What to produce: Only the lines from the "September 9, 2019." line through the last line of the material below belong in the answer, reproduced exactly and with no pictures.

-- Excerpted data follows --

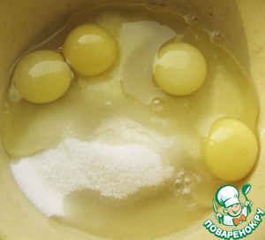 На следующее утро ( через 8 часов) взбить яйца с сахаром и щепоткой соли
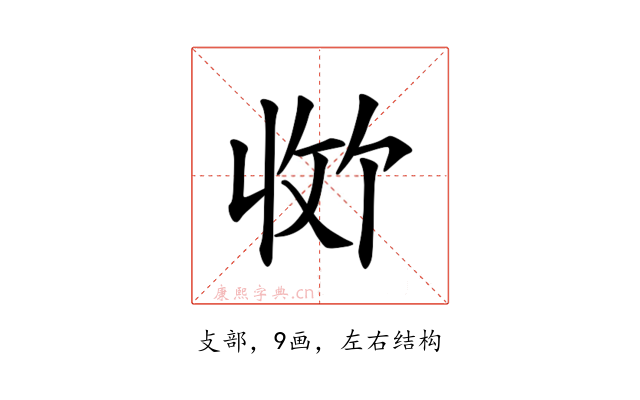 〔𪯊〕字部首是攴部,总笔画是9画。
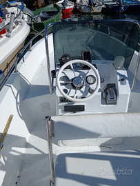 Mano 21.5 6.5mt motorizzata con mercury 115cv 4 tempi iniezione, pompa sentina automatica e una manuale, doccetta, doppia batteria, serbatoio benzina da 60lt e acqua da 50lt, luci di via, rool bar acciaio ribaltabile con tendalino (stoffa rifatta a maggio 2024), attrezzata di ecoscandaglio garmin e bussola, ottima per la pesca e per uscite in barca con la famiglia consumi irrisori, tappezzeria in ottime condizioni.
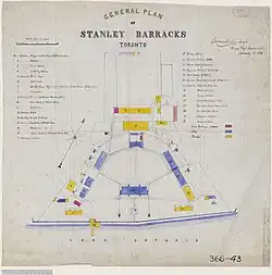 - ^ a b c "CITY OF TORONTO: BY-LAW No. 188-1999: To designate the property at 2 Strachan Avenue (Stanley Barracks) as being of architectural and historical value or interest". toronto.ca. City of Toronto government. April 15, 1999. Archived from the original on March 4, 2016. Retrieved September 9, 2019.
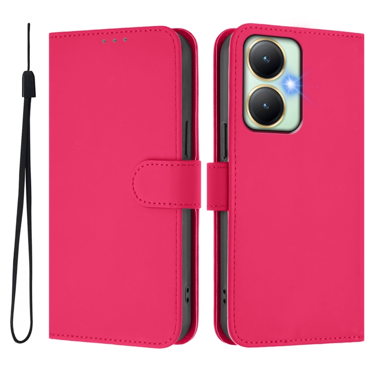 Funda de Cuero con Cordón para Teléfono con Sensación de Piel Global para Vivo Y27 4G 2023 (Rosa Rojo)
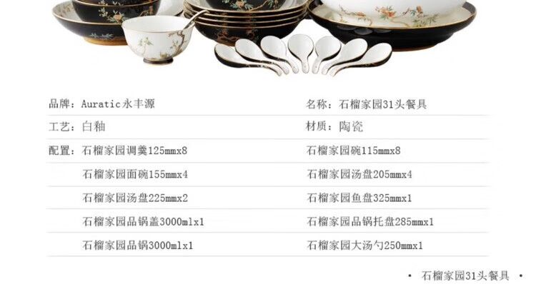 永丰源夫人瓷·石榴家园-31头餐具(8人位)

-- Excerpted data concluded --

Written answer:
 - ^ a b c "CITY OF TORONTO: BY-LAW No. 188-1999: To designate the property at 2 Strachan Avenue (Stanley Barracks) as being of architectural and historical value or interest". toronto.ca. City of Toronto government. April 15, 1999. Archived from the original on March 4, 2016. Retrieved September 9, 2019.
 Funda de Cuero con Cordón para Teléfono con Sensación de Piel Global para Vivo Y27 4G 2023 (Rosa Rojo)
 永丰源夫人瓷·石榴家园-31头餐具(8人位)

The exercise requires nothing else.